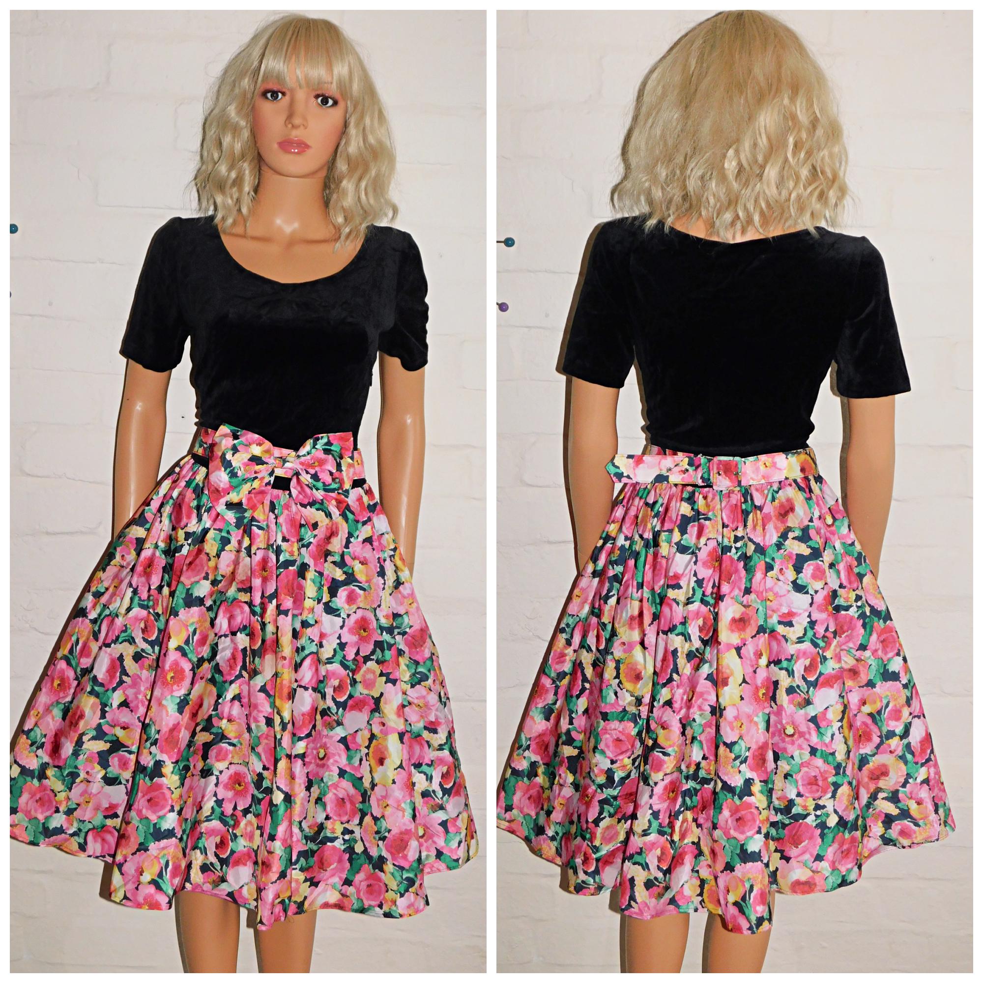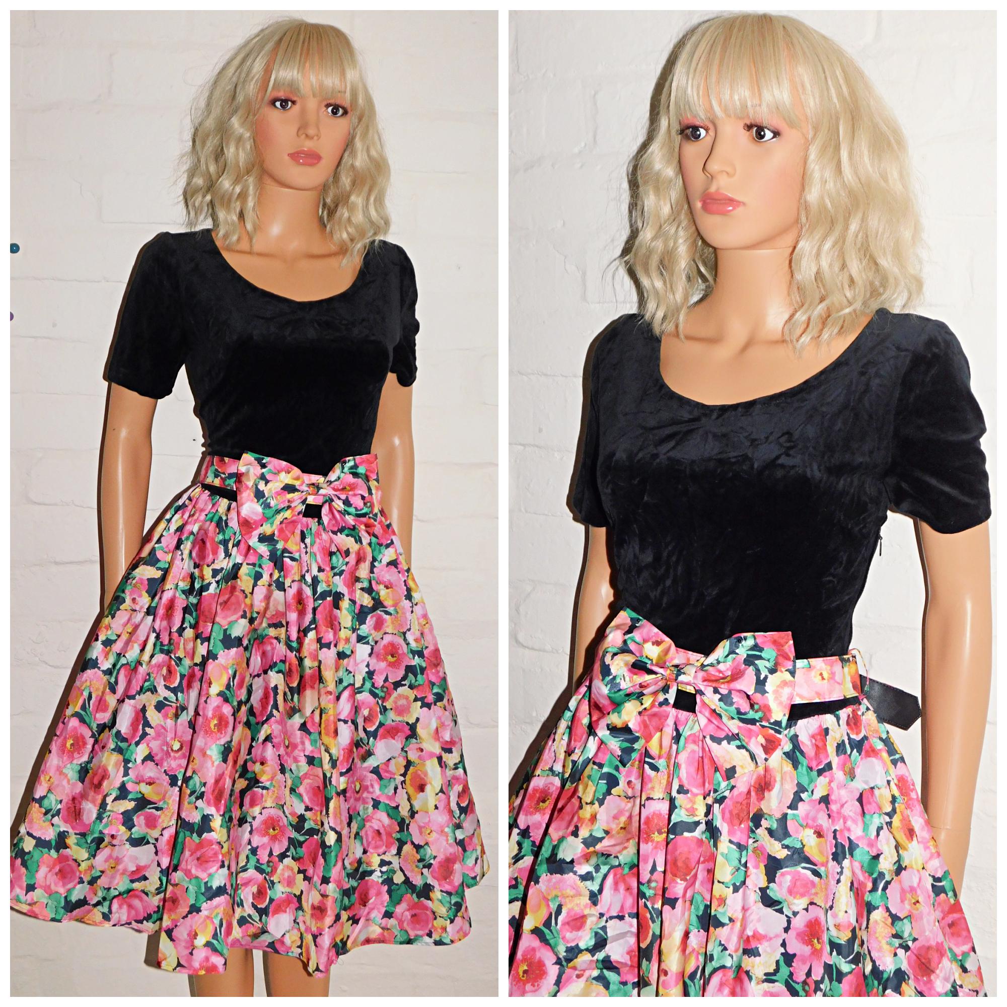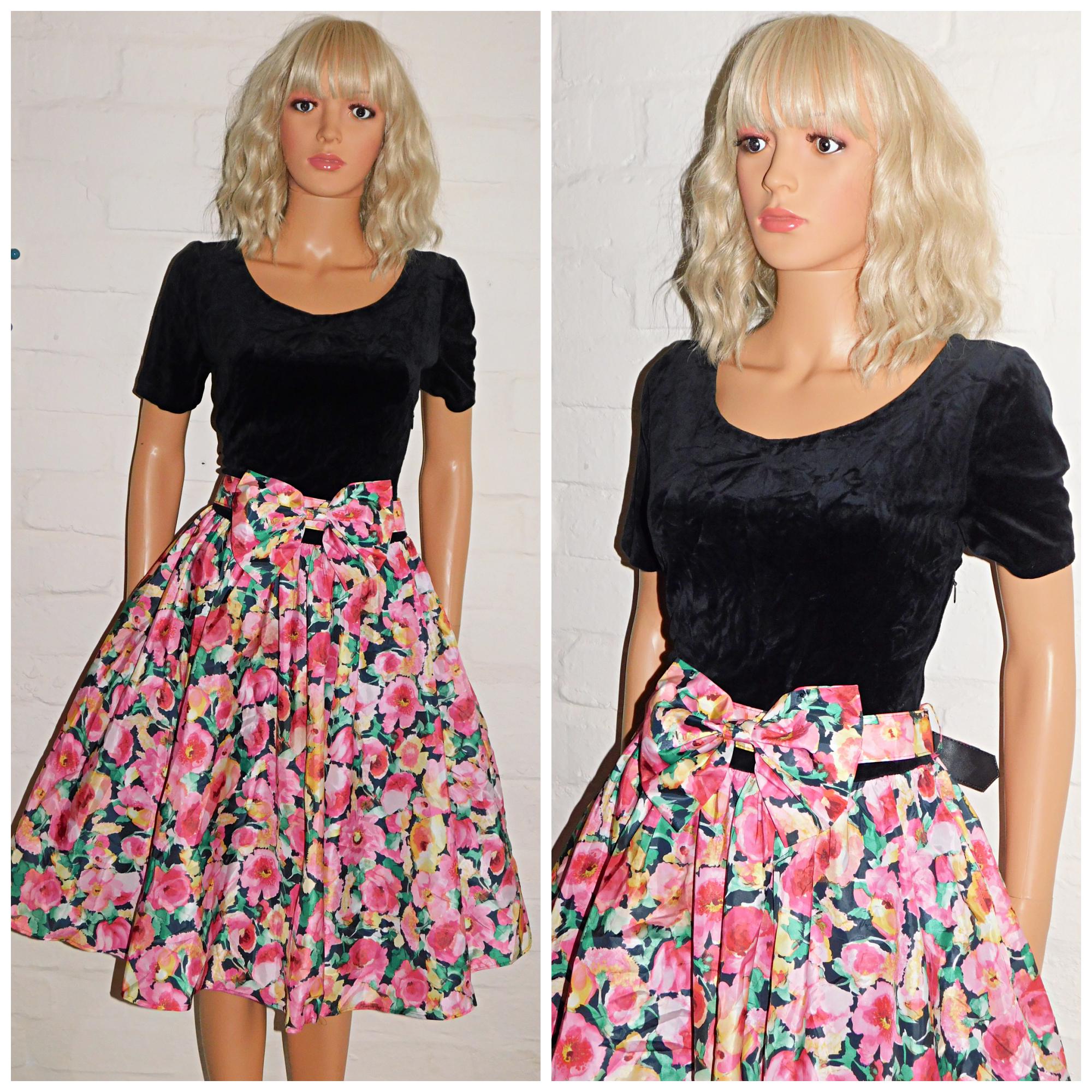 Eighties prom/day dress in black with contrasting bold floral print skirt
...
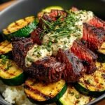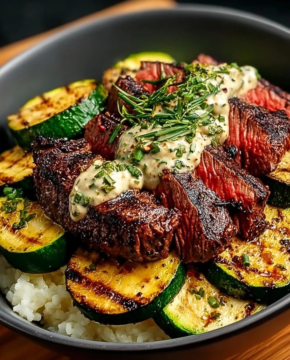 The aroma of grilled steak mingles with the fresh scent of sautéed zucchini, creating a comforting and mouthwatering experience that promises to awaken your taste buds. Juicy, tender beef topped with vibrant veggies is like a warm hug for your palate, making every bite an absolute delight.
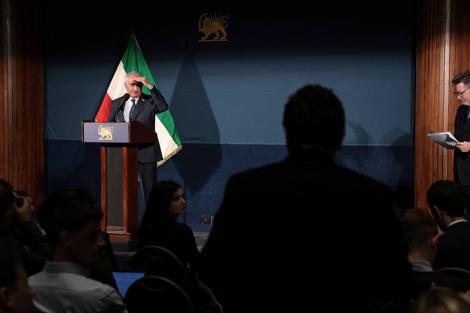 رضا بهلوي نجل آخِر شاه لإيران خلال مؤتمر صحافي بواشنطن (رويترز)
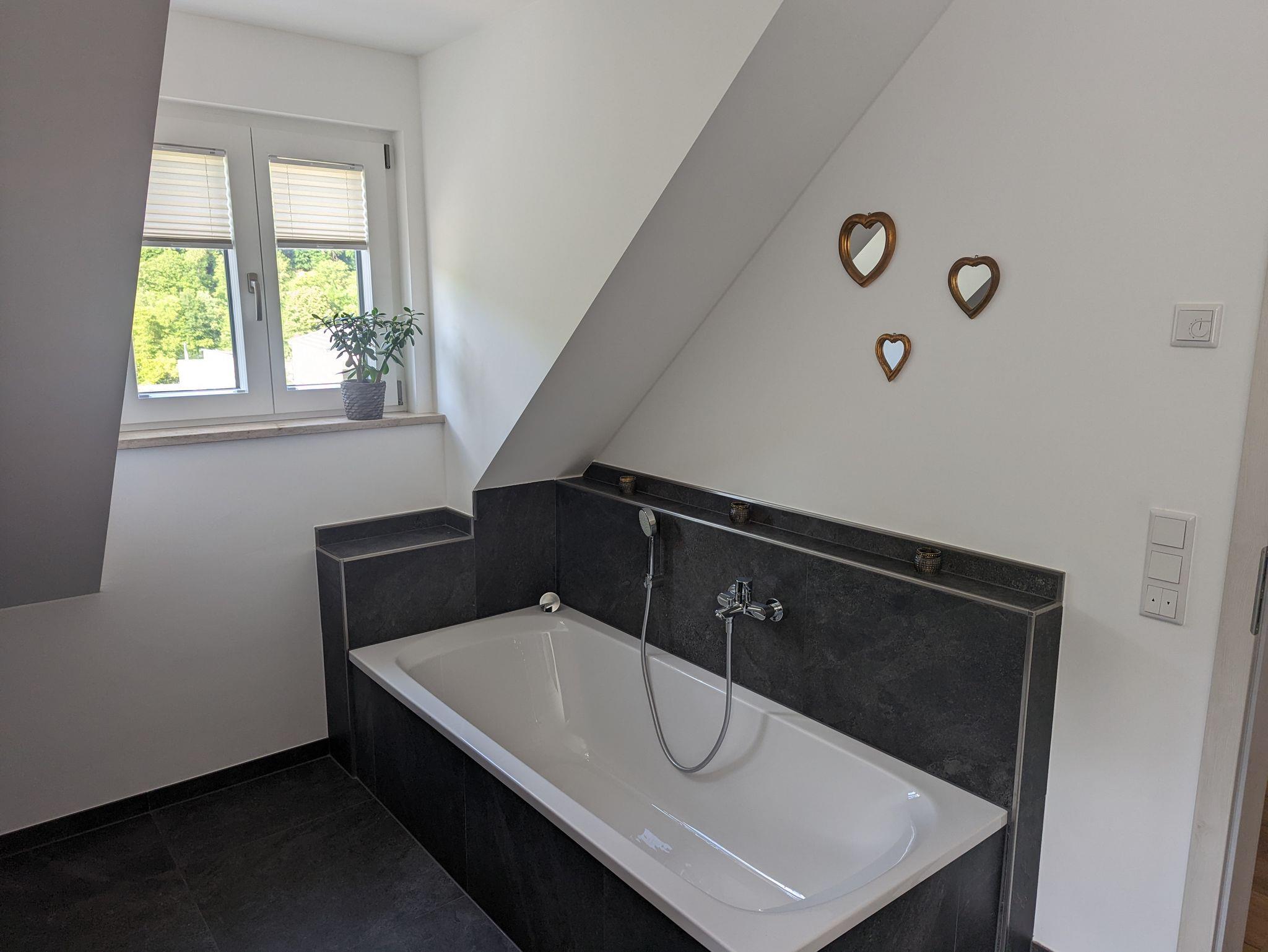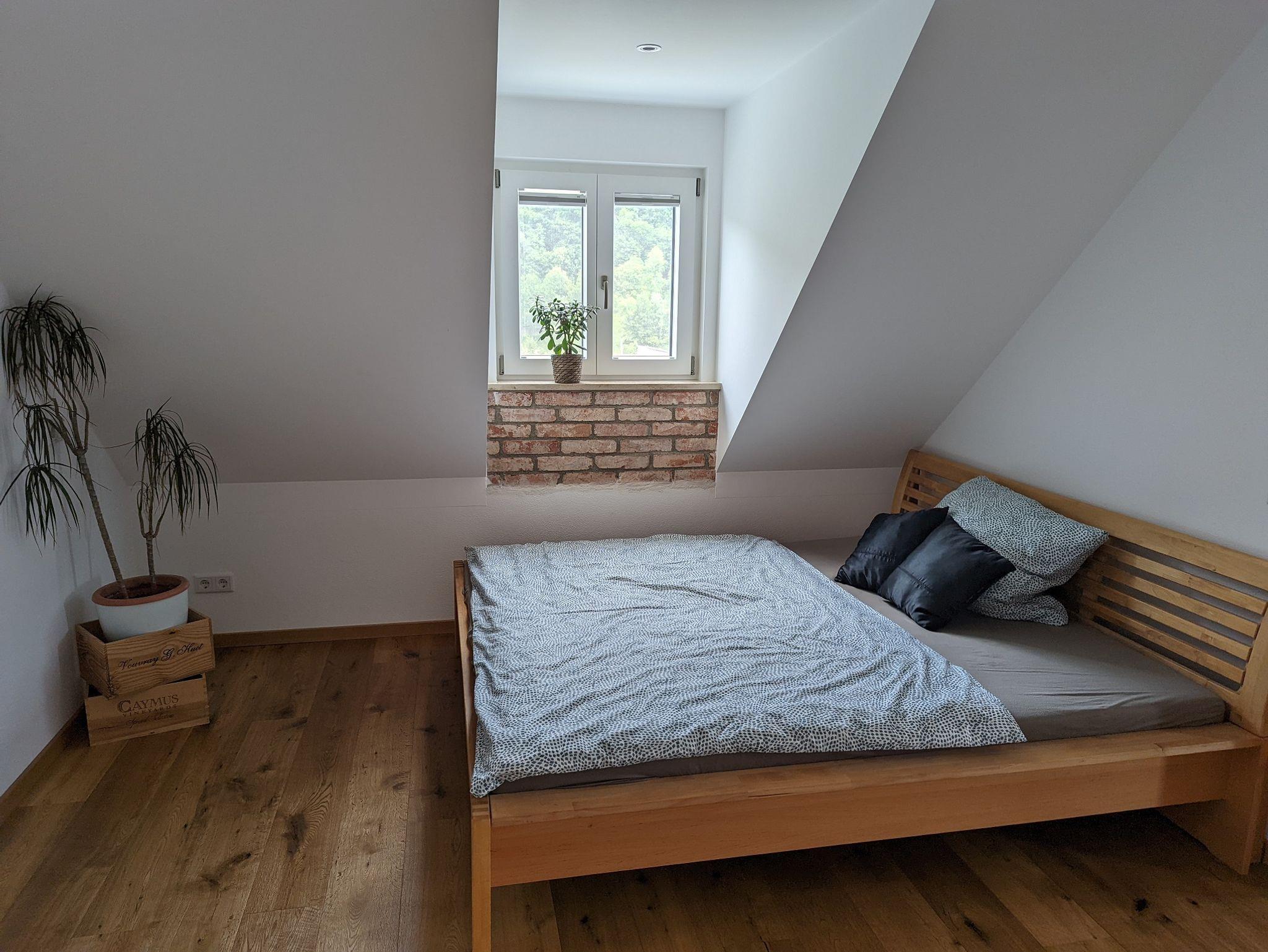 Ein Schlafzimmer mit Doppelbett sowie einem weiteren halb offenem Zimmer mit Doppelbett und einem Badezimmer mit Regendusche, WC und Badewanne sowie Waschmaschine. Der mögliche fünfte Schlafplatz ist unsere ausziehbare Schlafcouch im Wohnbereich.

_What you will do_
Transcribe the listing above exactly, but only from the line with "رضا بهلوي نجل" through the line with "Ein Schlafzimmer mit". Include both of those lines and omit the pictures.

_Written answer_
 رضا بهلوي نجل آخِر شاه لإيران خلال مؤتمر صحافي بواشنطن (رويترز)
 Ein Schlafzimmer mit Doppelbett sowie einem weiteren halb offenem Zimmer mit Doppelbett und einem Badezimmer mit Regendusche, WC und Badewanne sowie Waschmaschine. Der mögliche fünfte Schlafplatz ist unsere ausziehbare Schlafcouch im Wohnbereich.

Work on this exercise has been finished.